The transfer test consisted of an open-ended task. Participants were asked to design a new collection of slides using the knowledge they acquired from the pre-class videos. We used a rubric to articulate the expectations for the task, which comprised task expectation, dimensions (i.e. operation, creativity, presentation) that participants were to attend to completing the task, mastery levels for each performance dimension (i.e. distinction, credit, pass, fail), and performance descriptors. The rubric was available to participants when completing the task. As the transfer test is open-ended, a second independent evaluator scored all the answers using the rubric. The two evaluators resolved scoring differences through face-to-face consultations. The maximum score was 100 points.

Results

The assumptions of normality, homogeneity of variance, and absence of outliers were checked before analysis.

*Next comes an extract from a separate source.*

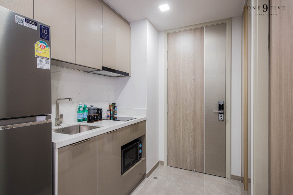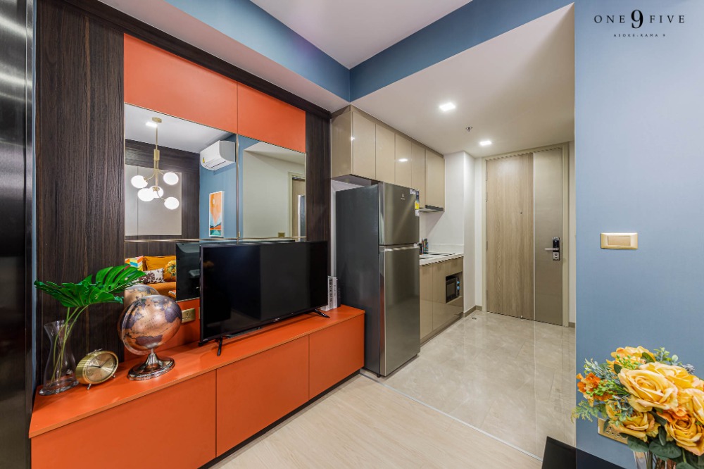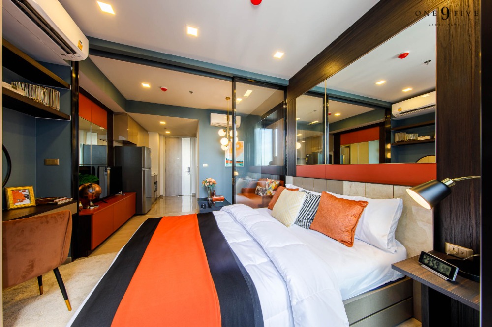 วันไนน์ไฟว์ อโศก-พระราม9 คอนโดมิเนียมหรูพร้อมอยู่ 61 ชั้น ที่สูงที่สุดใจกลาง New CBD รายล้อมไปด้วยสิ่งอำนวยความสะดวกมากมาย จัดเต็มพื้นที่ส่วนกลางขนาดใหญ่กว่า 8.6 ไร่ ทำเลศักยภาพ เดินทางสะดวก คุ้มค่ากับการลงทุน 📍ข้อมูลห้อง: B4408 รูปแบบ : studio ขนาด : 25.84 ตร.ม. อาคาร : B ชั้น : 44 ทิศ : ตะวันตก 🎉 พร้อมรับโปรโมชั่นส่วนลดเพิ่มเติม และข้อเสนอที่ดีที่สุด🎉 📍พื้นที่ส่วนกลาง (ค่าส่วนกลาง 50 บาท/ ตร.ม.) - สระว่ายน้ำกลางแจ้ง ยาว 100 เมตร - ฟิตเนส 2 ชั้น เครื่องออกกำลังกายจาก Techno Gym พื้นที่รวมกว่า 1,300 ตร.ม. - ห้องสมุด , ห้องดูหนัง , Kid’s Club (ขนาดใหญ่ 2 ชั้น) - ห้อง Golf Simulator, ห้อง Game / Social club, - ห้องสปา, ห้องซาวน่า, ห้องสตีม - Residential Lounge , Pool Lounge (ชั้น 8) , Sky lounge (ชั้น 61) - Meeting room (ชั้น 8), Sky meeting room (ชั้น 61) 📍สิ่งอํานวยความสะดวก ภายในโครงการ : - พื้นที่จอดรถ ประมาณ 50% - ร้านค้าภายในโครงการ (ร้านสะดวกซื้อ 7/11, ร้าน Flowever cafe & wine , ร้านนวด-สปา, ร้านทำเล็บ , คลินิคหมอฟัน, ร้านซักรีด เป็นต้น ) - EV Charger 9 สถานี - Self Service Car Wash - ระบบรักษาความปลอดภัย 24 ชม. 📍การเดินทาง : - 250 เมตร MRT สถานีพระราม 9 - 1 สถานี ถึง Airport rail link สถานีมักกะสัน เชื่อมสู่สนามบินสุวรรณภูมิ - 2 สถานี ถึง BTS สถานีอโศก - 1.3 กิโลเมตร ถึงจุดขึ้นทางด่วนพิเศษศรีรัช เชื่อมต่อเข้า-ออกนอกเมืองได้สะดวก 📍สถานที่ใกล้เคียง : - Central Rama9 - Fortune Tower - ตลาดจ๊อดแฟร์ - โรงพยาบาลพระราม 9, โรงพยาบาลปิยะเวท, โรงพยาบาลกรุงเทพ, โรงพยาบาลผิวหนังอโศก - International school : Shrewsbury, NIST, KIS , Regents - สำนักงานธนาคารอาคารสงเคราะห์, อสมท, ตลาดหลักทรัพย์, รฟม. 📞ติดต่อฝ่ายขาย : คลิกเพื่อดูเบอร์โทรติดต่อ , คลิกเพื่อดูเบอร์โทรติดต่อ นัดชมโครงการจริง ห้องจริงได้ทุกวัน เวลา 09.00-18.00 น. รายละเอียดโครงการเพิ่มเติม : www.one9five.com

IBM SPSS Statistics 28 was used for data processing and analysis. We first performed Levene’s test for equality of variances. The results indicated that the variability of scores for each group was similar and homoscedasticity was met (p > .05). We then assessed skewness and kurtosis values and histograms. Skewness and kurtosis values for all dependent variables were within acceptable ranges between +2 and −2. We, therefore, performed independent-samples t-tests to compare the means of the dependent variables for the experimental and control groups. We then inspected boxplots for outliers. One participant was identified as an outlier due to having a very low satisfaction score (z-score < −2.5). Two other participants were identified as outliers due to having reported a very low germane load (z-score < −2.5). One participant was identified as an outlier due to a very long total viewing time (z-score > 2.5). After excluding outliers, data from 40 and 42 participants in the experimental and control groups were retained for analysis.

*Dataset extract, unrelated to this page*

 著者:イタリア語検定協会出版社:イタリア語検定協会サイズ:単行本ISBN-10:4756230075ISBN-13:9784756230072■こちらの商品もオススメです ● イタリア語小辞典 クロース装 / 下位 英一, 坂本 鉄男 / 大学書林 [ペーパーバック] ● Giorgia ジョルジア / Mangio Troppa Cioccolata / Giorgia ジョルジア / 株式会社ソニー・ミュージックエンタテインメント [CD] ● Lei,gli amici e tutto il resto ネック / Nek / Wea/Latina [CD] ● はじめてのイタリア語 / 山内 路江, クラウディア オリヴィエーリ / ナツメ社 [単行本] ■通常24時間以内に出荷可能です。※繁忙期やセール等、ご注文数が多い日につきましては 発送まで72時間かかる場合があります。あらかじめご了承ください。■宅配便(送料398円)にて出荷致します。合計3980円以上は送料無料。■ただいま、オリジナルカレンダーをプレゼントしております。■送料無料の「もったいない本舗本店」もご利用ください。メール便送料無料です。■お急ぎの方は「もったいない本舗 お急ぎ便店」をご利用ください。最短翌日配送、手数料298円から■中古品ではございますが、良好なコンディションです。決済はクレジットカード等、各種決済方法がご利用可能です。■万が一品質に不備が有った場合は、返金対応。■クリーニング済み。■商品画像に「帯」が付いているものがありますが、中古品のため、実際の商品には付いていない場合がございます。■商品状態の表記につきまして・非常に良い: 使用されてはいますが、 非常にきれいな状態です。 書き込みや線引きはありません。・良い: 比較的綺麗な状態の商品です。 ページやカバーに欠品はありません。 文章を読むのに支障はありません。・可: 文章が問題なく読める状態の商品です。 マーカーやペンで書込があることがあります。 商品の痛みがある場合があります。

We checked whether participants in the two groups differed significantly in age, sex, actual, and perceived prior knowledge, and motivation. The results were considered significant at the p < .05 level. A chi-square test of independence revealed no significant association between condition and sex, X² (1, N = 82) = .98, p = 0.32. Independent t-tests indicated no significant difference in participant age between the experimental (M = 20.35, SD = 0.90) and control groups (M = 20.50, SD = 0.74), t(80) = −0.83, p = 0.41. No significant difference in actual prior knowledge was detected between the experimental (M = 75.63, SD = 9.88) and control groups (M = 76.67, SD = 11.88), t(80) = −0.43, p = 0.69.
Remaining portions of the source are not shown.